_WORK INSTRUCTIONS_:
The answer should hold only the lines from the one containing "Prediction of cis-elements" through the one containing "Avant propos : je" in the entries below, copied exactly, without pictures.

╭─ EXERCISE MATERIAL

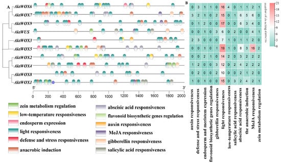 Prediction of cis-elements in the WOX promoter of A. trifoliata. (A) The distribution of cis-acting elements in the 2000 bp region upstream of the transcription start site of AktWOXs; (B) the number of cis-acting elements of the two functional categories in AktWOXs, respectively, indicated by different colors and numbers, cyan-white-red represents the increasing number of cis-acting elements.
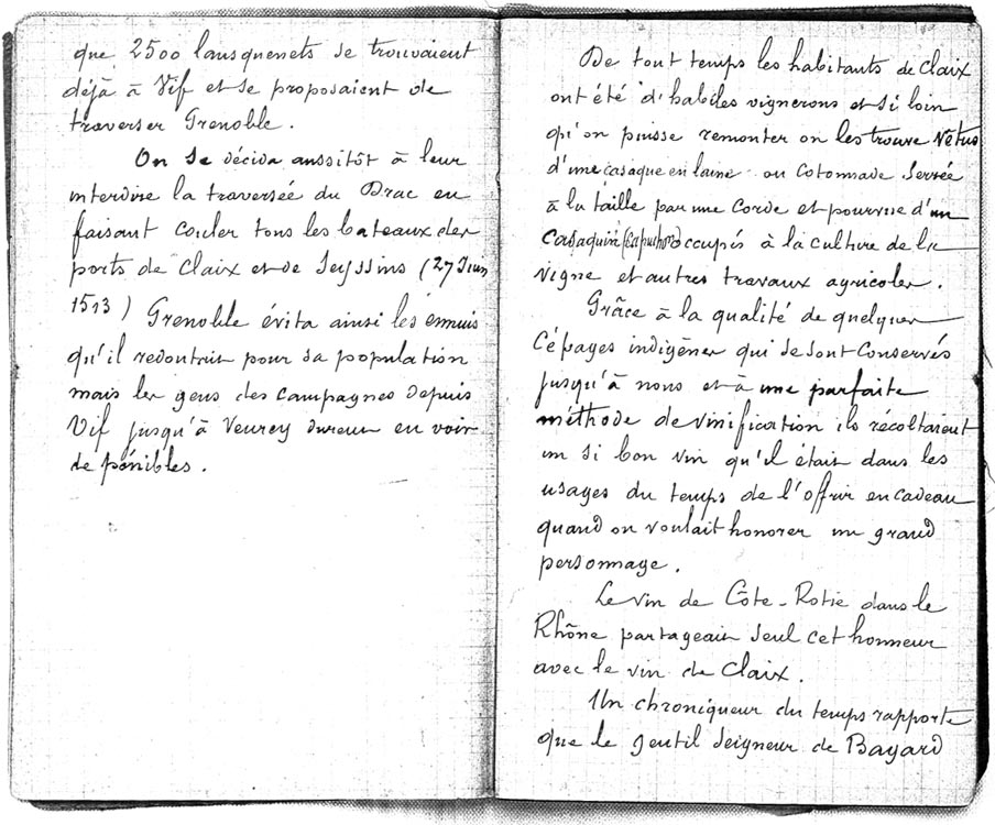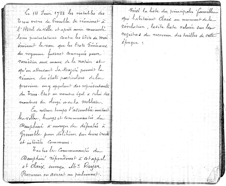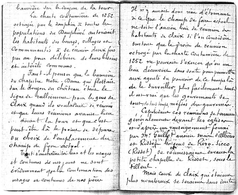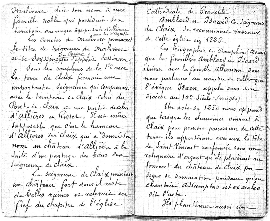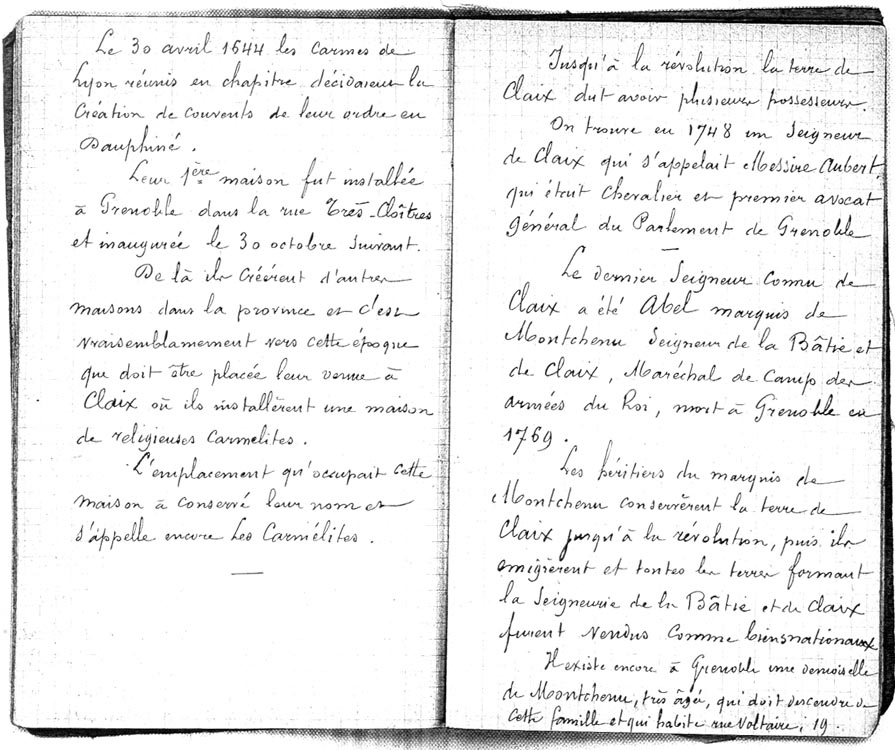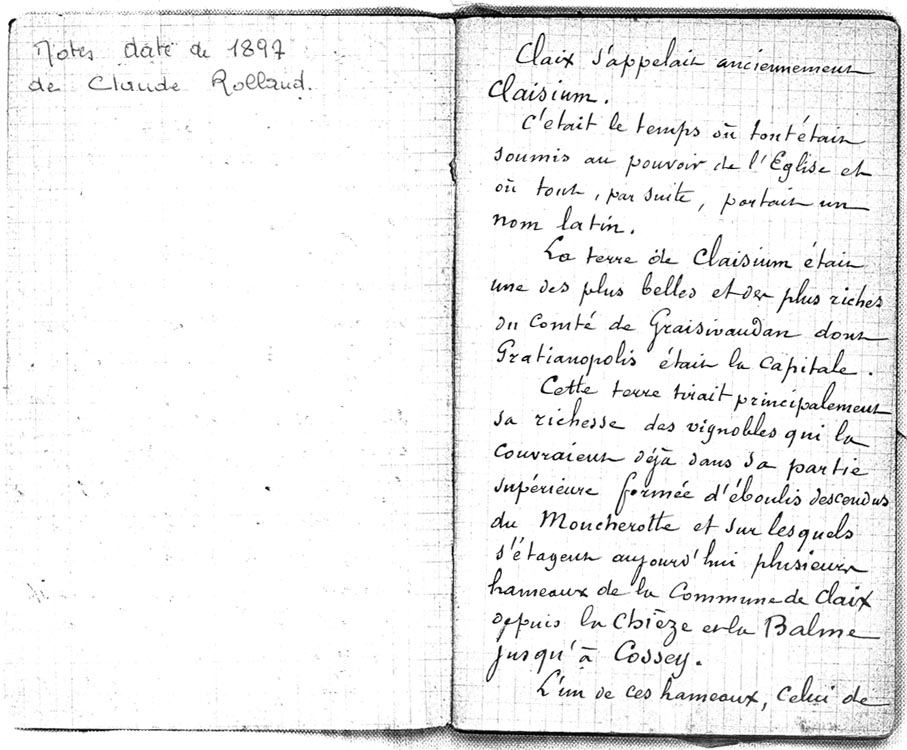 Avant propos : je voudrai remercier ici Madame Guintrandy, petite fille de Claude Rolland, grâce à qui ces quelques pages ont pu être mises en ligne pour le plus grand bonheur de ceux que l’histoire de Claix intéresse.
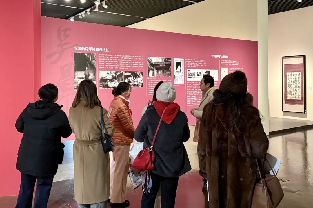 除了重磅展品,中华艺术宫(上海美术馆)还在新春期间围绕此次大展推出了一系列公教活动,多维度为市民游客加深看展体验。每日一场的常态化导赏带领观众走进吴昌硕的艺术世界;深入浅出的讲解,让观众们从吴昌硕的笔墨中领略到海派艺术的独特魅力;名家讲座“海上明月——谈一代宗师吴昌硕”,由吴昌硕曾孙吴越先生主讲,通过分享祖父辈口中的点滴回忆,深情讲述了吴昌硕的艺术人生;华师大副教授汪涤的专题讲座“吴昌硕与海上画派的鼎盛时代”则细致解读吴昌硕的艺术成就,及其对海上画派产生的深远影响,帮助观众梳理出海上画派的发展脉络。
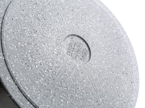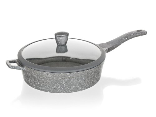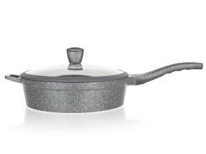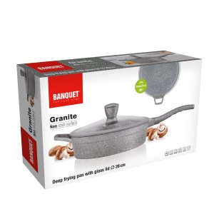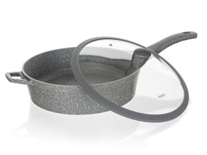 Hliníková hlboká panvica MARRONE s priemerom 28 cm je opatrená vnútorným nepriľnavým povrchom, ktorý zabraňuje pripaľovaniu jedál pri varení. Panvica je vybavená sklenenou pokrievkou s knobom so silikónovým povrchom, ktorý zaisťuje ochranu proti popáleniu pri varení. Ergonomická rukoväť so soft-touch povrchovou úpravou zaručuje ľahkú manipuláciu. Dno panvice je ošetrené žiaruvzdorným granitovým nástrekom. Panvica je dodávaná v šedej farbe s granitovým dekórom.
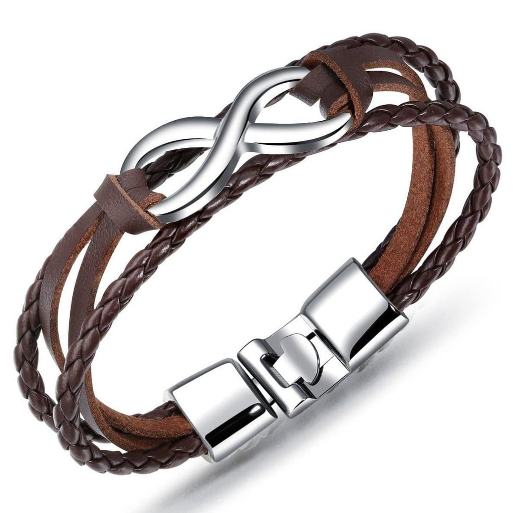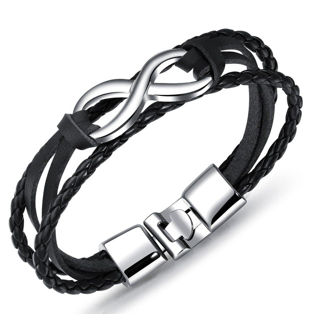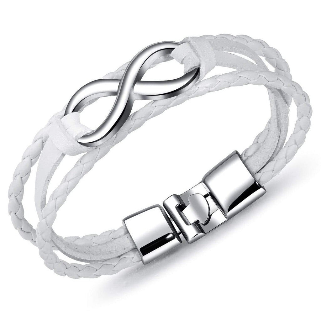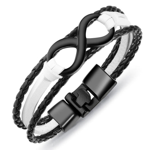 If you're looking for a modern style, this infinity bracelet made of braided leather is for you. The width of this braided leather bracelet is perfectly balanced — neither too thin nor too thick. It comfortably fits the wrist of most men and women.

╰─
╭─ EXERCISE MATERIAL

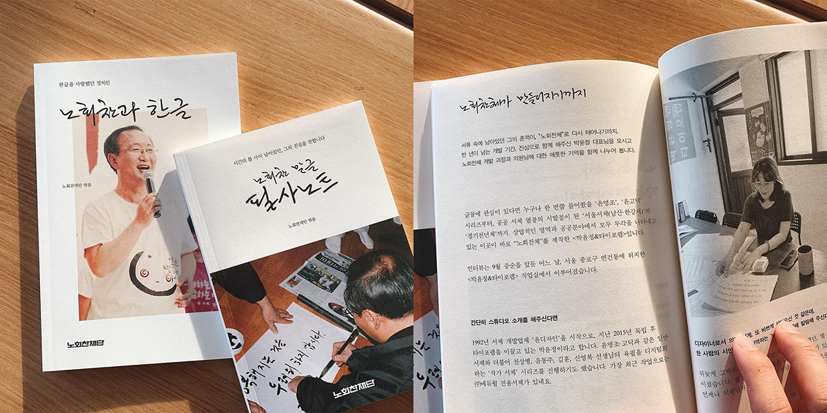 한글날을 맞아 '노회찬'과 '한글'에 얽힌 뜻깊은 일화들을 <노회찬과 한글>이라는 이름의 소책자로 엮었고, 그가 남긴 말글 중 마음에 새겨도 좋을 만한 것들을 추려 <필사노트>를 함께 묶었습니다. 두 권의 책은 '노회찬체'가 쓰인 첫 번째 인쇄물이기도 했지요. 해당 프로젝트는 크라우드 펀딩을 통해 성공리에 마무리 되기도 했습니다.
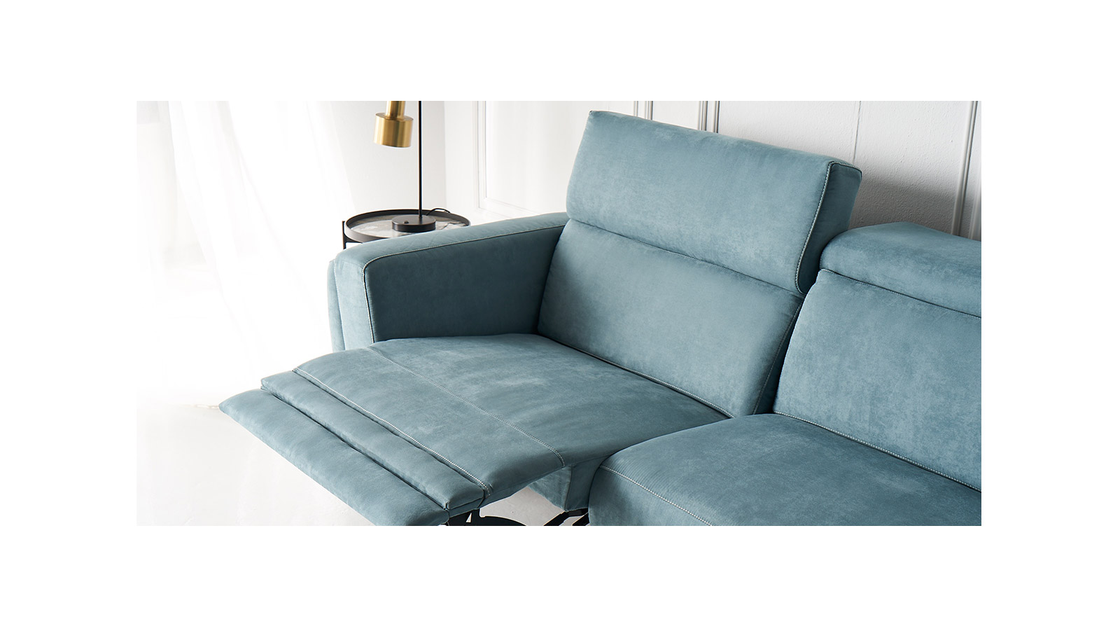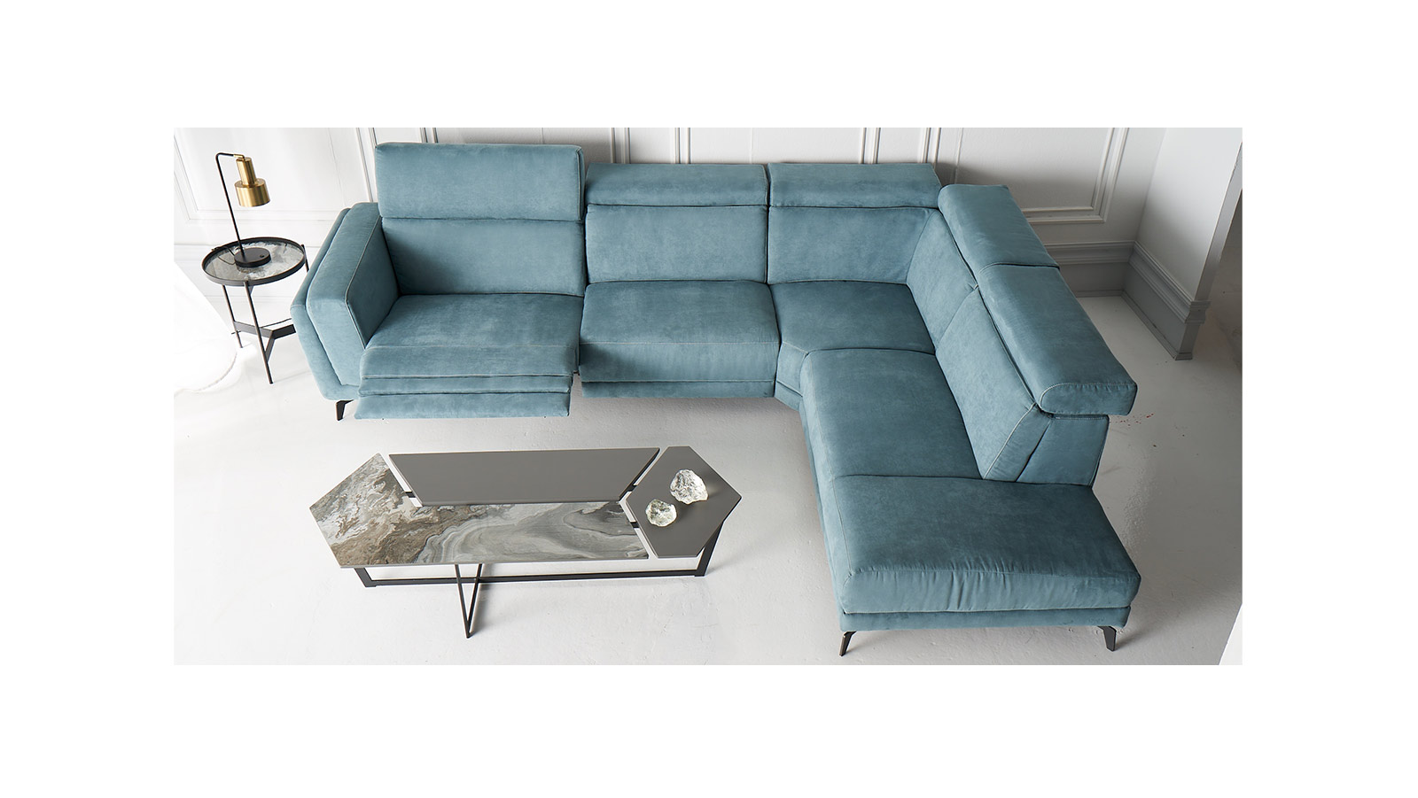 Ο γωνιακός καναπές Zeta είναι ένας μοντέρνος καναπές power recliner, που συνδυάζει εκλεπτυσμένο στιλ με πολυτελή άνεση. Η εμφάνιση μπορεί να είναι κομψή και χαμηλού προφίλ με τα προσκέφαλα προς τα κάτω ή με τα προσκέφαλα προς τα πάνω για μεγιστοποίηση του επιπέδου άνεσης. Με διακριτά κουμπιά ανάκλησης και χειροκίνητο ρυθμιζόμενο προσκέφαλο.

╰─

_EXERCISE OUTPUT_:
 Prediction of cis-elements in the WOX promoter of A. trifoliata. (A) The distribution of cis-acting elements in the 2000 bp region upstream of the transcription start site of AktWOXs; (B) the number of cis-acting elements of the two functional categories in AktWOXs, respectively, indicated by different colors and numbers, cyan-white-red represents the increasing number of cis-acting elements.
 Avant propos : je voudrai remercier ici Madame Guintrandy, petite fille de Claude Rolland, grâce à qui ces quelques pages ont pu être mises en ligne pour le plus grand bonheur de ceux que l’histoire de Claix intéresse.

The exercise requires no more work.